Vitamine D-tekort onder niet-Westerse allochtonen
ArrayDonkere huid voornaamste factor
Niet-westerse allochtonen blijken vaker een tekort aan vitamine D te hebben dan autochtone Nederlanders. Een gebrek aan vitamine D kan liggen aan te weinig zonlicht en onvoldoende voedingsmiddelen of supplementen met vitamine D. Toch blijkt uit onderzoek van promovendus Irene van der Meer, GGD-epidemioloog in Den Haag, dat het huidtype de belangrijkste factor is. De aanmaak van vitamine D is minder sterk in een zwaar gepigmenteerde (donkere) huid. Van der Meer promoveert donderdag 24 juni aan VU medisch centrum te Amsterdam.
Bij onderzoek onder een groep van 600 volwassenen bleek het tekort aan vitamine D het grootst onder volwassenen met een Surinaams-Hindostaanse achtergrond: 51%. Bij andere groepen werden de volgende percentages tekorten gemeten: Surinaams-Creools 45%; Turks 41%; Marokkaans 37%; sub-Sahara Afrikaans 19%; overige volwassenen 29%. Slechts 6% van de autochtone Nederlanders had een tekort aan vitamine D.

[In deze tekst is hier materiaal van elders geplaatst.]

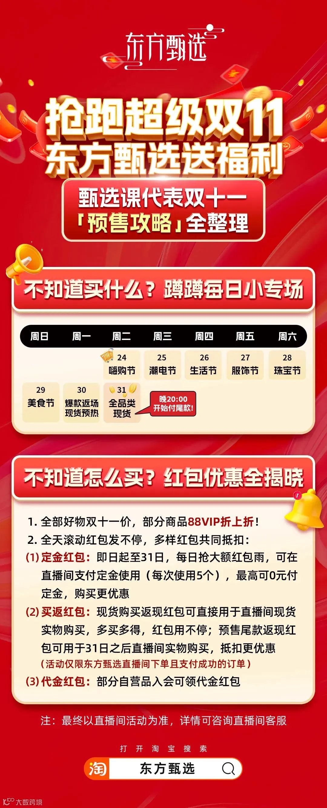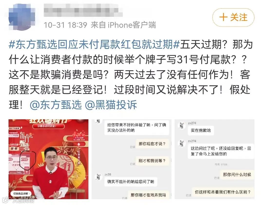 据了解,东方甄选于10月24日开启双11预售,10月31日晚八点开始付尾款。在双11付尾款的关键节点上,一些消费者甚至因红包过期而选择了退货。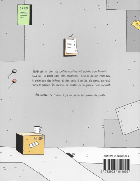Bob aime bien sa petite routine et adore son travail: pour lui, la poste, c'est très important! À bord de son vaisseau, il distribue des lettres et des colis à un tas de gens, partout dans la galaxie. Du moins, la partie de la galaxie qu'il connait. Par contre, ce matin, il y a un pépin au bureau de poste.

In het onderzoek is ook gekeken naar een aparte groep zwangere vrouwen. In deze groep vrouwen bleek 84% van de Turkse en 81% van de Marokkaanse vrouwen een tekort aan vitamine D te hebben. Voor de overige groep niet-westerse vrouwen gold dit voor 59% en bij de Westerse vrouwen was er maar bij 8% een tekort.
In dit onderzoek zijn de gevolgen van een vitamine D-tekort in beperkte mate onderzocht. De resultaten laten geen duidelijk verband zien tussen lage vitamine D-concentraties en bijvoorbeeld spierkracht of diabetes melitus. Andere onderzoeken laten wel negatieve effecten van vitamine D tekort zien. Daarom adviseert Van der Meer dat huisartsen, verloskundigen en ander medisch personeel alert moeten zijn op de mogelijkheid van vitamine D-tekort bij niet-westerse allochtonen.